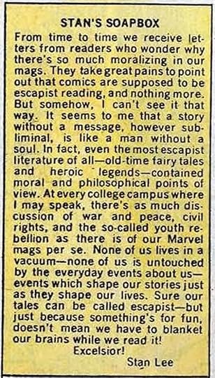 I hear all the time from white religious people in Utah about how they wish television, movies, comic books, and other forms of entertainment (they enjoy) didn't include things like feminism and other social justice warrior issues. I look to none other than the late Stan Lee for an explanation of why entertainers should never completely cater to the escapism crowd who (in their hearts) just wants to ignore the fact that our government is putting brown people in camps. This was such a refreshing find to stumble across on the internet:
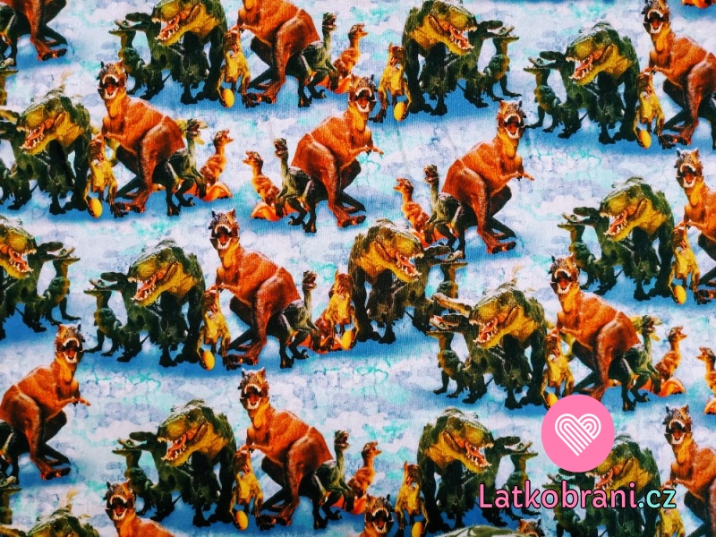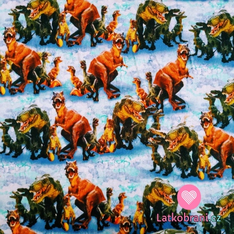Teplákovina potisk dinosauři na modrém maskáči
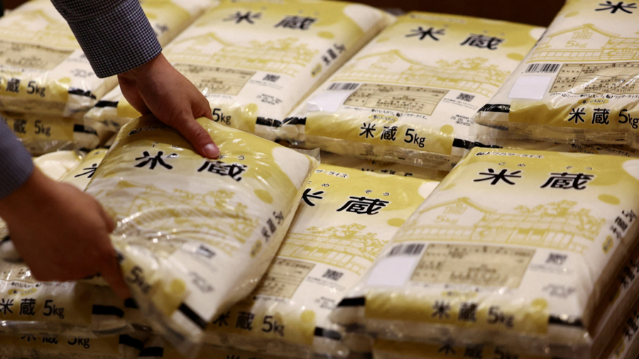 2025年5月31日在日本东京一家杂货店拍摄的储备米。 新华社/路透 图
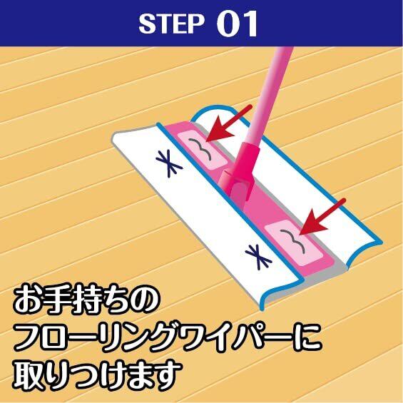 (2)お手持ちのフローリングワイパーに取り付けます。
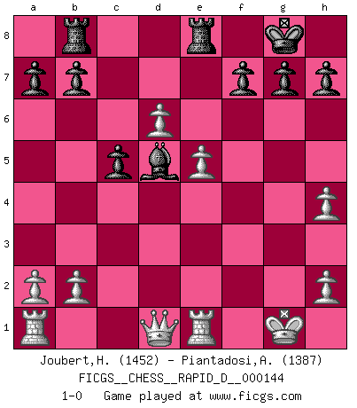 Last move : 1-0 2022 August 11 23:43:51 [Event "FICGS__CHESS__RAPID_D__000144"] [Site "FICGS"] [Date "2022.06.27"] [Round "1"] [White "Joubert,Hennie"] [Black "Piantadosi,Angelo"] [Result "1-0"] [WhiteElo "1452"] [BlackElo "1387"] 1.e4 Nf6 2.e5 Nd5 3.d4 d6 4.c4 Nb6 5.f4 dxe5 6.fxe5 e6 7.Be3 N8d7 8.Nf3 Be7 9.Nc3 O-O 10.Be2 c5 11.d5 exd5 12.cxd5 Re8 13.O-O Nf8 14.Bf4 Ng6 15.Bg3 Nh4 16.d6 Nxf3+ 17.Bxf3 Bh4 18.Bxh4 Qxh4 19.Re1 Rb8 20.Nd5 Nxd5 21.Bxd5 Be6 22.g3 Bxd5 23.gxh4 1-0 Alekhine's defense : Four pawns attack Kingside Castling by player Black (move 9) Kingside Castling by player White (move 13) Player White won this chess game. Follow this game move after move (download)Fischer was a master of clarity and a king of artful positioning. His opponents would see where he was going but were powerless to stop him. (Bruce Pandolfini) Wenn ein Kopf und ein Buch zusammenstoßen und es klingt hohl, ist es denn allemal im Buche? (Georg Christoph Lichtenberg) El Ajedrez es el arte del análisis. (Mikhail Botvinnik) On n'a jamais que l'âge auquel on a commence à jouer aux échecs car après on cesse de vieillir. (Capablanca) Looking at the proliferation of personal web pages on the Net, it looks like very soon everyone on Earth will have 15 megabytes of fame. (M.G. Sriram)
══════════════════════════════
**WORK ITEM:**
Output every record verbatim, excluding any picture it contains.

**ANSWER SPACE:**
 I hear all the time from white religious people in Utah about how they wish television, movies, comic books, and other forms of entertainment (they enjoy) didn't include things like feminism and other social justice warrior issues. I look to none other than the late Stan Lee for an explanation of why entertainers should never completely cater to the escapism crowd who (in their hearts) just wants to ignore the fact that our government is putting brown people in camps. This was such a refreshing find to stumble across on the internet:
Teplákovina potisk dinosauři na modrém maskáči
 2025年5月31日在日本东京一家杂货店拍摄的储备米。 新华社/路透 图
 (2)お手持ちのフローリングワイパーに取り付けます。
 Last move : 1-0 2022 August 11 23:43:51 [Event "FICGS__CHESS__RAPID_D__000144"] [Site "FICGS"] [Date "2022.06.27"] [Round "1"] [White "Joubert,Hennie"] [Black "Piantadosi,Angelo"] [Result "1-0"] [WhiteElo "1452"] [BlackElo "1387"] 1.e4 Nf6 2.e5 Nd5 3.d4 d6 4.c4 Nb6 5.f4 dxe5 6.fxe5 e6 7.Be3 N8d7 8.Nf3 Be7 9.Nc3 O-O 10.Be2 c5 11.d5 exd5 12.cxd5 Re8 13.O-O Nf8 14.Bf4 Ng6 15.Bg3 Nh4 16.d6 Nxf3+ 17.Bxf3 Bh4 18.Bxh4 Qxh4 19.Re1 Rb8 20.Nd5 Nxd5 21.Bxd5 Be6 22.g3 Bxd5 23.gxh4 1-0 Alekhine's defense : Four pawns attack Kingside Castling by player Black (move 9) Kingside Castling by player White (move 13) Player White won this chess game. Follow this game move after move (download)Fischer was a master of clarity and a king of artful positioning. His opponents would see where he was going but were powerless to stop him. (Bruce Pandolfini) Wenn ein Kopf und ein Buch zusammenstoßen und es klingt hohl, ist es denn allemal im Buche? (Georg Christoph Lichtenberg) El Ajedrez es el arte del análisis. (Mikhail Botvinnik) On n'a jamais que l'âge auquel on a commence à jouer aux échecs car après on cesse de vieillir. (Capablanca) Looking at the proliferation of personal web pages on the Net, it looks like very soon everyone on Earth will have 15 megabytes of fame. (M.G. Sriram)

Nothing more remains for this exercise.